Suppose you take the first training picture, which depicts a piano. You convert the intensity of pixels of a 100x100 image into 10,000 numbers, one for each neuron in the lower layer of the network. The excitation propagates upward through the network according to the forces of the connections between the neurons in the adjacent layers, and as a result it turns out to be in the last layer, where there are only two neurons. Since this is an image of a piano, ideally a neuron “eat hot dog” should turn out to be zero, and “no hot dog” should get a large number. But let's say it did not happen. Suppose a neural network is mistaken. ODP is a procedure for shaking up the strength of each connection in a network so as to correct the error for this training example.
You start with the last two neurons, and see how badly they make a mistake: what is the difference between what values ​​for excitations should be and what they were. After that, you check all the connections that lead to these neurons — those that are in the lower layer — and calculate their contribution to the error. You continue to do this until you reach the very first set of links, at the very bottom of the network. At this point, you know exactly what contribution each individual compound made to the error, and in the last step you change all the weights in the direction that best reduces the entire error. The technique is called “back propagation of errors” because you propagate the error back (or down) across the network, starting with the output layer.
The amazing fact is that when you do this with millions or billions of images, the network starts to very well recognize if there is a hot dog in the picture. What is even more surprising is that the individual layers of these image recognition networks begin to “see” images in much the same way as our visual system sees them. That is, the first layer can begin to recognize faces, in the sense that its neurons are excited when there are faces, and are not excited when they do not exist; a layer higher can begin to recognize face sets, such as corners; a layer sees higher forms; the layer above sees already such things as an opened or closed bun, in the sense that it has neurons responsible for each of the variants.
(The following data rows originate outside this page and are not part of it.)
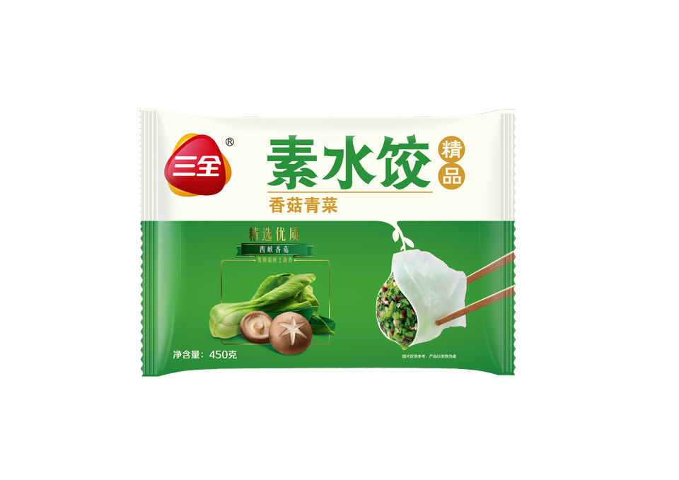 ซาควน ขนมจีบเห็ดหอมและผักกวางตุ้ง (เจียวซือ) รสเค็ม นุ่ม แช่แข็ง ขนมผักสำหรับคนทานมังสวิรัติ บรรจุถุง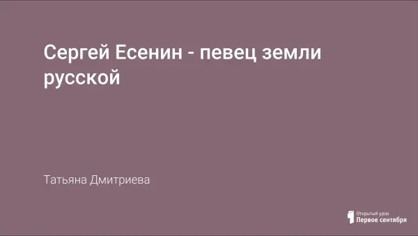 Сергей Есенин - певец земли русской. Знакомя учащихся с темой Родины лирике с С. Есениным, использую на уроке разные формы работы: беседа с классом, индивидуальные и групповые задания. На уроке звучат песни и романс на стихи Есенина. Благодаря лирике С. Есенина, словам М. Горького, Е. Евтушенко, М. Цветаевой, В. Астафьева, урок приобретает нравственно - эстетическое, патриотическое звучание.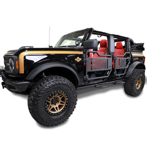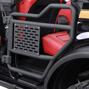 The IAG I-Line Rear Tube Doors are sold in pairs and are designed to fit 2021+ Ford Bronco Four Door models. These doors increase your visibility while allowing you to enjoy open-air driving. Your passengers will be held securely inside while enjoying off-road adventures. The doors feature a 100% bolt-on installation. They feature a durable black powder coated finish and a removable molle style panel for additional storage. The doors also feature our IAG logo available in five optional colors. Each door includes all necessary hardware for installation. Optional padding kits (not included) may be purchased separately. Please note that these doors are intended for off-road use only.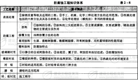 防腐蝕工程知識體系(表2-8)。

The network organizes itself into hierarchical layers, despite the fact that nobody programmed it for this.
This thing conquered all. The point is not that neural networks simply classify images of hot dogs or anything else: they are able to build ideas about ideas. In the case of text, this is even better seen. You can feed the text from Wikipedia, billions of words into a simple neural network, and train it so that for each word it displays a large list of numbers corresponding to the excitation of each neuron in the layer. If you imagine that these numbers are coordinates in a complex space, then you will, in fact, look for a point (in this context - a vector) for each word in this space. Then train your network so that the words appearing close to each other on the pages of Wikipedia have similar coordinates - and voila, something strange happens: words with similar meanings will appear close to each other in this space. That is, the words “crazy” and “crazy” will have little different coordinates, like the words “three” and “seven”, and so on. Moreover, the so-called. vector arithmetic allows you to subtract the vector "France" from the vector "Paris", add the vector "Italy" and be somewhere near the "Rome". And it works without prior explanation for the network that Rome belongs to Italy just like Paris to France.
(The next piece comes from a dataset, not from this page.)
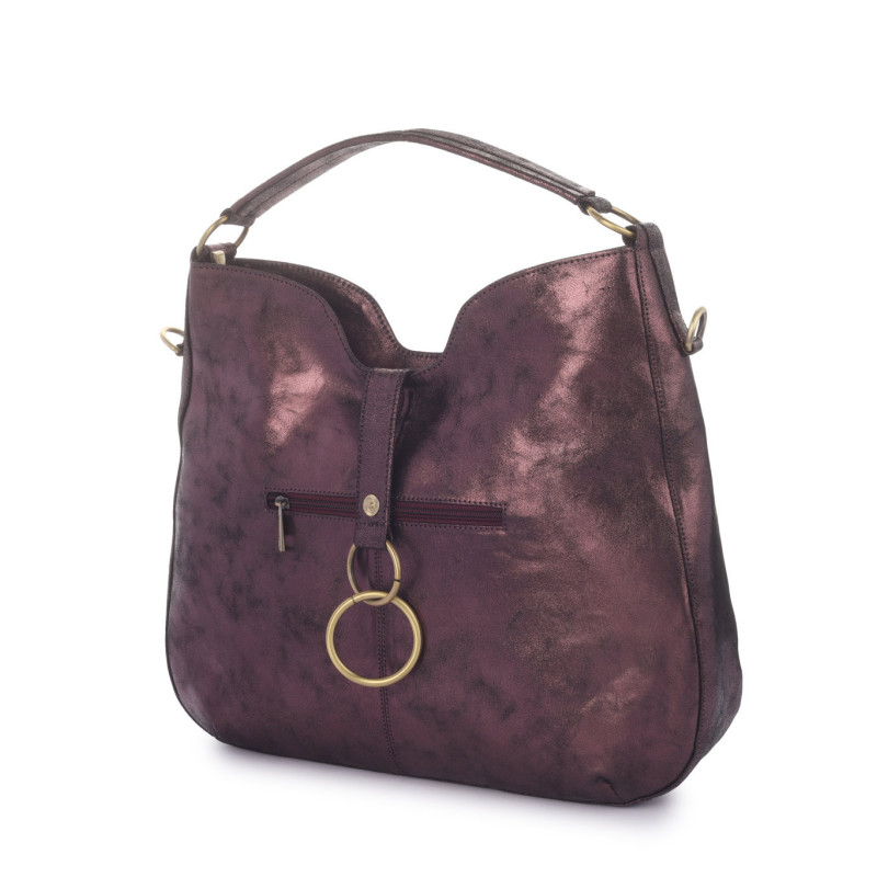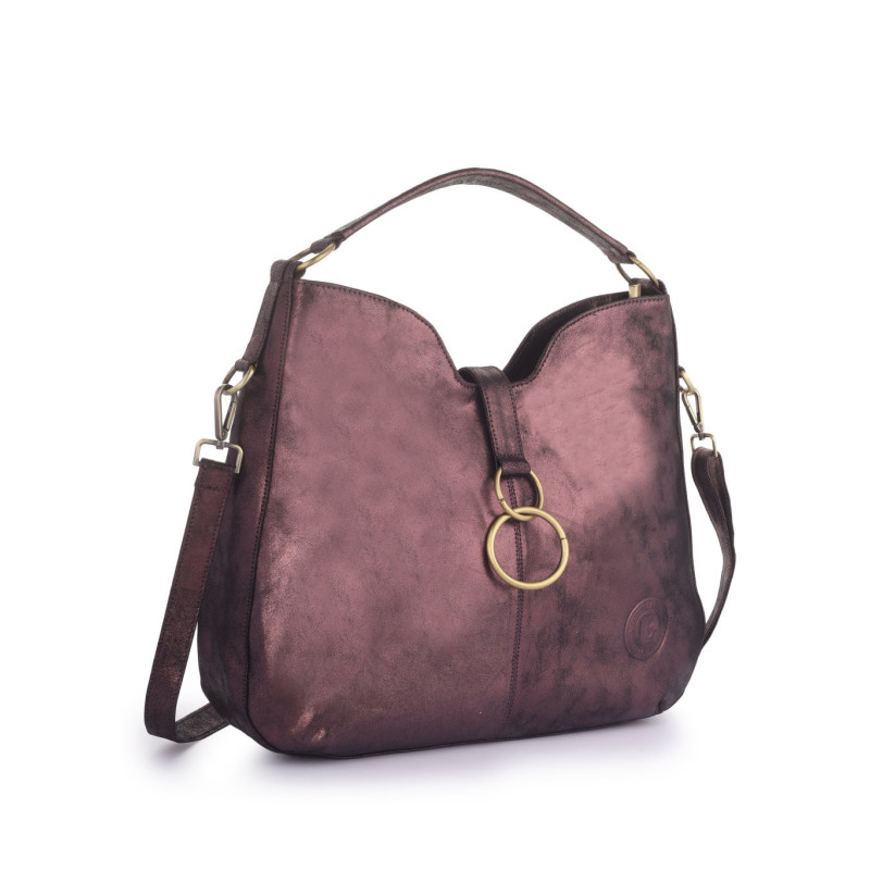 Crafted from smooth premium leather the Velvet Ember Ring Hobo by Bannhuff London is designed to make a sophisticated statement. Crafted in a rich metallic burgundy finish, this handbag blends modern glamour with everyday practicality. Its relaxed hobo silhouette offers a soft, stylish structure, while the signature double-ring hardware at the front adds a distinctive design element. The spacious interior easily accommodates daily essentials, and the adjustable crossbody strap provides versatile carrying options. Perfect for day-to-night styling, this bag brings refined luxury to any wardrobe.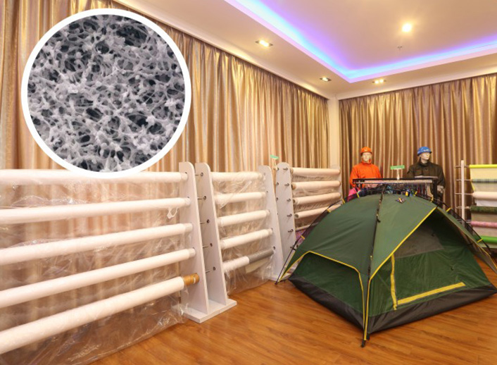 ePTFE防水透湿复合面料是将ePTFE薄膜通过PUR热溶胶复合方式将薄膜贴合到各种纺织面料上,称之为“可呼吸功能面料”。

“This is amazing,” says Hinton. “This is shocking.” Neural networks, one might say, take certain entities — images, words, call recordings, medical data — and place them in a high-dimensional vector space, where the distance between entities reflects some important feature of the real world. Hinton thinks the brain is doing the same thing. “If you want to know what thought is,” he says, “I can express it for you with a set of words. I can say „John thought:“ Opanki. ” But if you ask: “What is this thought? What does this mean for John - to give birth to this thought? ”This doesn’t mean that an opening quote appeared in his head, then an“ Opank ”, then a closing one — or even some version of these characters. A certain large pattern of neural activity appeared in his head. "A mathematician can display large patterns of neural activity in vector space, where the activity of each neuron corresponds to a number, and each number corresponds to the coordinate of a very large vector. From Hinton's point of view, this is the idea: dance vectors.
Jeffrey hintonIt is not by chance that the main AI institute in Toronto was called “Vector”. The name came up with Hinton himself.
Hinton creates some kind of distortion of reality, an atmosphere of confidence and enthusiasm in which you feel that there is nothing that a vector could not do. After all, look what they have already achieved: cars that behave themselves, computers that recognize cancer, cars that instantly translate what was said out loud into another language. And look at this charming British scientist telling about gradient descent in high-dimensional spaces!
Just leaving the room, you remember: these systems of deep learning are still quite stupid, despite their seeming ingenuity. A computer that processes a photo of a pile of donuts lying in a pile on the table automatically signs it: “A pile of donuts is on the table,” and seems to understand the world around it. But when the same program processes a photo of a girl brushing her teeth and signs it: “a boy holds a baseball bat,” you understand how shaky his understanding is, if it exists at all.
Neural networks are thoughtless recognizers of fuzzy patterns, and are only as useful as fuzzy patterns recognizers can be useful - hence the rush associated with their integration into all possible software. They represent a kind of limited intelligence that is
easy to fool . A deep neural network that recognizes images may be at a dead end if you change one pixel, or add visual noise that a person does not even perceive. And indeed, every time we find new ways to apply GO, we also find its limitations. RoboMobi can not cope with the orientation in the conditions, hitherto they have not met. Machines hardly recognize sentences that require common sense and an understanding of how the world works.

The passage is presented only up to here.